I couldn’t find any grape tomatoes, unfortunately. In fact, the selection of small tomatoes was pretty, err, small. I bought a yellow pear tomato, which I’d wanted to plant initially but couldn’t find, as well as another brown berry plant and two Sweet 100 cherry tomato plants. I also got a Lemon Boy—a medium-sized yellow tomato—and an Early Girl, which is also supposed to be on the small side. We dumped out the pots, including the soil since it was probably infected with blight, and started over.

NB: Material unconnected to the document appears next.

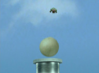 Shorty bounces up onto a building, then into the sky. |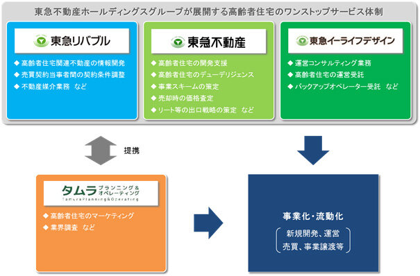 このたび提携する4社は、各専門分野においてヘルスケア施設に関する事業を展開しています。総合デベロッパーである東急不動産はヘルスケア施設の開発実績があり、東急イーライフデザインは施設運営を行っています。また、東急リバブルは総合不動産流通企業としてソリューション事業本部内にオペレーショナルアセットの専門チームを組成し、ヘルスケア施設の仲介サービスを強化しており、タムラプランニングアンドオペレーティングは高齢者住宅の開設を支援するコンサルティングを展開し、専門家に広範なネットワークを有しています。

Speaking of vegetables running amok, a few weeks ago I got tired of the bok choi going nuts and pulled out the remaining plants. They’d all begun to flower and tasted bitter. I added a chive plant to the pot, which is doing well so far. The Swiss chard hasn’t been liking the heat, but I’ve been able to salvage some of it.


The unruly bok choi, just before I wrested it from the earth.

The peppers are finally starting to emerge, which is exciting. The sweet ones are farther along than the hot, but I noticed the first few Hungarian Wax peppers peeping out today…

2 Comments

  1. Justin Amirkhani

    I like tomatoes.
    I can’t grow vegetables.

  2. eriq

    mmm tomatoes. I use to grow tomatoes, green peppers, cantaloupes (though I didn’t know what the hell they were UNTIL they resembled cantaloupes finally), and corn (horrible in a small suburban backyard in Pleasanton.)